Os idosos na população brasileira: do preconceito ao conceito

Pesquisa de campo, entrevistas, produção e análise de gráficos. Um estudo demográfico sobre o bairro revelou aos estudantes o vigor da terceira idade e o respeito que essa faixa da população merece

POR:
Paola Gentile
Alunos de Regina entrevistam Maria Januária no asilo de Timóteo (MG): respeito e admiração pelos mais velhos Foto: Pedro Motta
Alunos de Regina entrevistam Maria Januária no 
asilo de Timóteo (MG): respeito e admiração 
pelos mais velhos Foto: Pedro Motta

Os velhos não servem pra nada. São um peso para a família!" "Não tenho paciência com a minha avó!" Frases como essas eram comuns entre os jovens de 13 a 15 anos das turmas de 7ª série de Regina Maria Ferreira da Silva. Professora da Escola Estadual Juscelino Kubitschek de Oliveira, em Timóteo, região do Vale do Aço de Minas Gerais, ela não poderia deixar passar esses comentários sem dar a devida atenção. Mesmo porque, de seus 29 alunos do ano passado, todos de famílias humildes da periferia da cidade, seis moravam somente com os avós. Para acabar com o preconceito, ela usou a ferramenta que tinha em mãos: a Geografia. O tema da sala de aula, na época, era a população brasileira. Uma frase do livro didático deu gancho para o projeto: "A pirâmide social do país aponta para o envelhecimento da população brasileira". Em um final de semana planejou as atividades do projeto, que duraria um mês.

Passo-a-passo e metodologia

1. Formação de equipes e estudo da lei
Para iniciar, Regina dividiu a turma em grupos. Os nomes escolhidos para identificá-los já eram significativos: Dignidade, Respeito, Sabedoria, Solidariedade etc. Cada um ficou responsável pela análise de uma parte do Estatuto do Idoso. Os alunos produziram cartazes com imagens e frases sobre o capítulo da lei que foi estudado. Assim ilustraram a apresentação que fizeram aos colegas. Depois disso, as equipes foram a campo fazer o levantamento do número de idosos do bairro. Cada um cuidou de uma rua, ocasião em que os jovens estudaram o mapa da região, localizaram a escola e aprenderam a se orientar usando a cartografia. Na etapa seguinte, eles elaboraram um questionário para ser respondido pelos idosos durante a visita que fariam ao asilo da cidade.

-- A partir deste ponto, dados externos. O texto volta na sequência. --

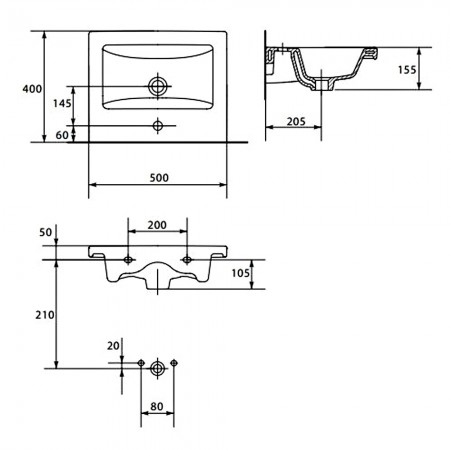 K32-013 COMO Умивальник меблевий 80 з отвором для змішувача, з переливом, білий глянець (картон) (1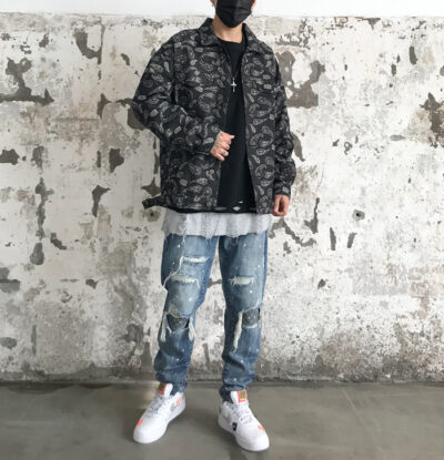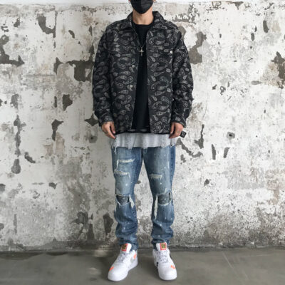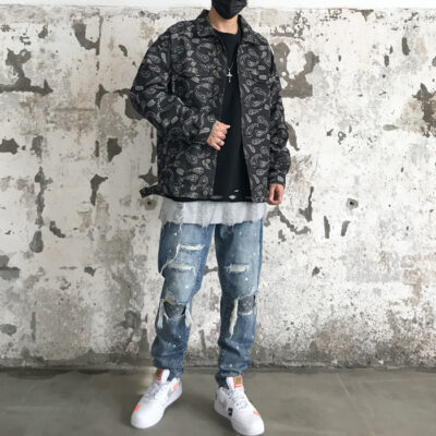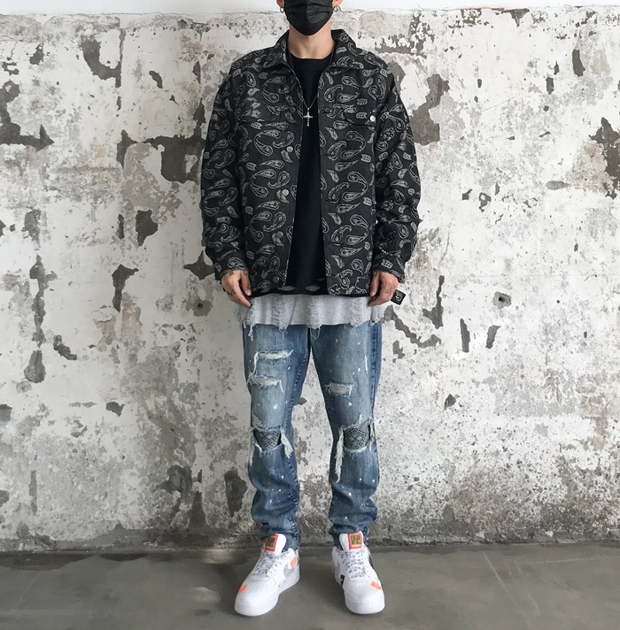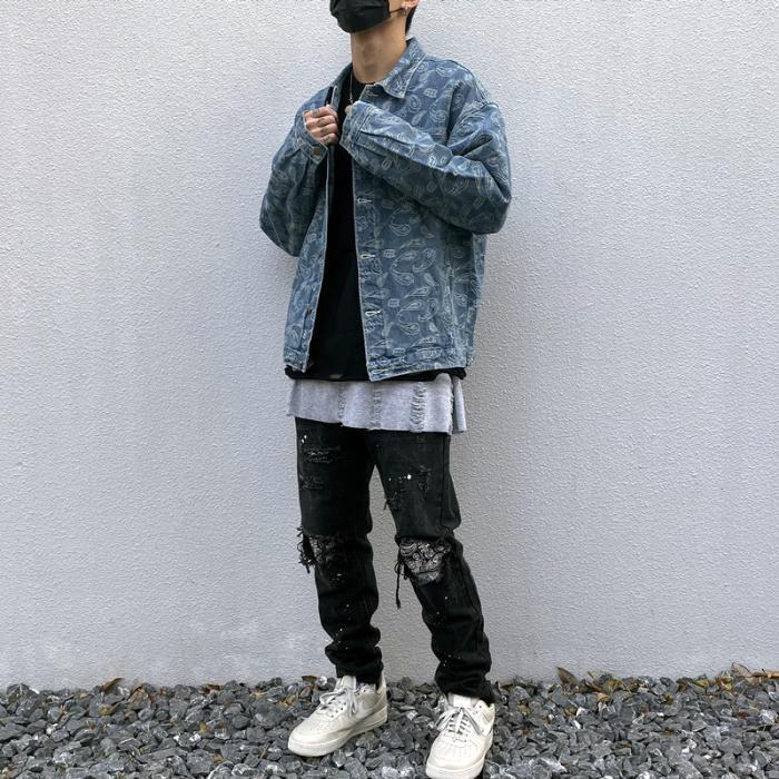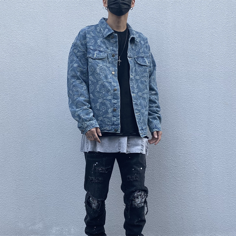 Áo khoác denim nam mùa xuân và mùa thu in hip-hop đường phố cao hạt điều hoa áo khoác hợp thời trang thương hiệu retro đẹp trai quần áo rộng

2. Confecção de gráficos e entrevistas
Os dados recolhidos na pesquisa de campo foram tabulados em gráficos de barras e mostraram a presença maciça de idosos no bairro. Os alunos pesquisaram sobre as causas do envelhecimento da população brasileira - que está, principalmente, na melhoria dos serviços de saneamento básico e de saúde pública -; aprenderam sobre expectativa de vida e a montar a pirâmide etária; analisaram a variação de idade da população brasileira entre 1980 e 2000, buscando a projeção para os próximos 20 anos. No dia da visita ao asilo - chamado de Dia da Sensibilização e da Solidariedade -, os alunos levaram blocos de anotações, máquina fotográfica e alguns mantimentos também. Eles ouviram as histórias sobre a vida de vários idosos, entre eles Maria Januária da Silva, 74 anos, que chegou lá como funcionária aos 40 anos e agora é moradora. Também escutaram José Ribeiro de Arruda, 73 anos, tocar violão e contar causos de sua juventude, passada na roça. Outra visita, dessa vez à Associação dos Aposentados de Timóteo, fez com que os jovens constatassem que os mais velhos têm - e como - disposição para atividades físicas e intelectuais. Eles presenciaram aulas de hidroginástica e ioga e fizeram entrevistas para saber sobre as viagens promovidas pela entidade e sobre a assistência à saúde que lá recebem. De volta à escola, cada aluno preparou um texto traçando um panorama sobre a situação dos idosos na cidade.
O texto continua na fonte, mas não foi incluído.